Postby UncleEbenezer » March 13th, 2018, 2:19 pm

Nocton wrote:
You're very fortunate to have the roof, and huge taxpayer subsidies for your production. Those of us not rich enough to have a roof have no choice but to invest through funds, with a much less generous regime.

Yes. I assume that you live in a flat UncleEbeneezer as you don't have to be very rich to have a suitable roof.

Well, I do have a roof and live in a house. But it would be for my landlord to put up anything like solar panels, and he's not interested.
I am constantly amazed that so many new houses are built without solar panels. The cost, if put in at building time, for a 3MW array would be about £6,000. (And at the time of site layout and house design the roof can be optimised for the sun.)
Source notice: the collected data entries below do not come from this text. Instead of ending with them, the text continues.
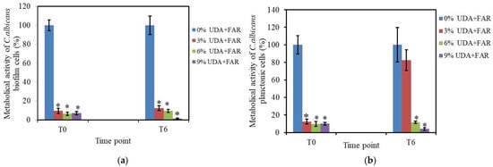 Comparison of a metabolically active Candida (C.) albicans biofilm (a) and planktonic (b) cells after incubation with poly(methyl methacrylate) (PMMA) modified with the combination of equal concentrations of tundecylenic acid (UDA) and farnesol (FAR) (0%, 3%, 6%, and 9% UDA+FAR in total) in two points: 0 days (T0) and 6 days (T6) after PMMA_UDA+FAR composite preparation. The asterisks denote significant differences (p < 0.05) compared to the PMMA control.
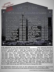 Steinerne Platten aus dunklem Stein mit weißer, eingemeißelter Schrift. Ehemals am Firmengebäude der stillgelegten und abgerissenen Papierfabrik Euler in Bensheim angebracht. Als im Rahmen des Abrisses des gesamten Firmengeländes auch die Namenstafeln entfernt werden mussten, wurden diese durch das Stadtarchiv Bensheim in Verwahrung genommen. Etliche der Namen befinden sich auch auf den Gedenktafeln an der Säule des Ehrenfriedhofes auf dem Bensheimer Friedhof, vorausgesetzt, dass diese auch aus dem damaligen Bensheimer Stadtgebiet stammten. Andere Mitarbeiter, die aus Gemeinden kamen, die damals noch nicht zu Bensheim gehörten, wurden auf dem Bensheimer Ehrenfriedhof nicht erwähnt, ihre Namen lassen sich jedoch teilweise an entsprechenden Ehrenmalen der jeweiligen Gemeinden finden.
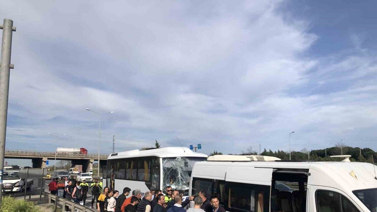 Tekirdağ Çorlu’da mesaiden çıkan işçileri taşıyan 4 servis minibüsünün çarpıştığı zincirleme kazada 2 kişi yaralandı.
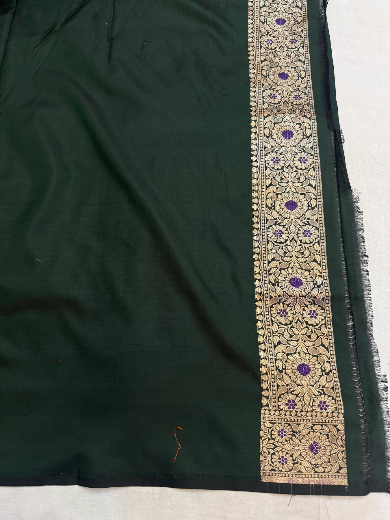 Bottle Green Pure Katan silk Handloom Banarasi Saree
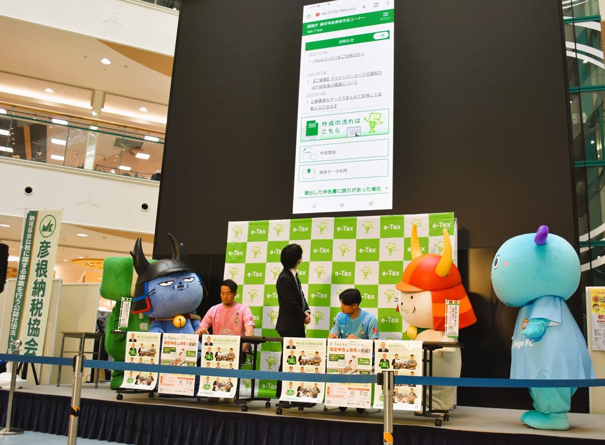 確定申告の時期を前にして、滋賀県初のJリーグチームになった「レイラック滋賀FC」の笠原淳選手と井出敬大選手が1月21日、ビバシティ彦根(彦根市竹ヶ鼻町)でe-Taxを使った確定申告の模擬体験に参加した。

Agreed. The last place I lived (a flat) looked down on a new development of nine flats. Couldn't see why they didn't put in solar panels: a block like that would really have benefited from a communal heating and hot water system: zero bills in summer and much reduced in winter.
This is trivial compared to the cost of most houses and even with the very much reduced subsidies the investment would be very worthwhile - tax free, rising with inflation and guaranteed by the government - many times more than any extra mortgage payments that might have to be paid.

Yes. I have a reasonable five-figure sum invested in renewable energy (not Bluefield, but some of its peers), and would have no problem forking out the cost of solar panels. But I'm certainly not so rich as to have my own roof.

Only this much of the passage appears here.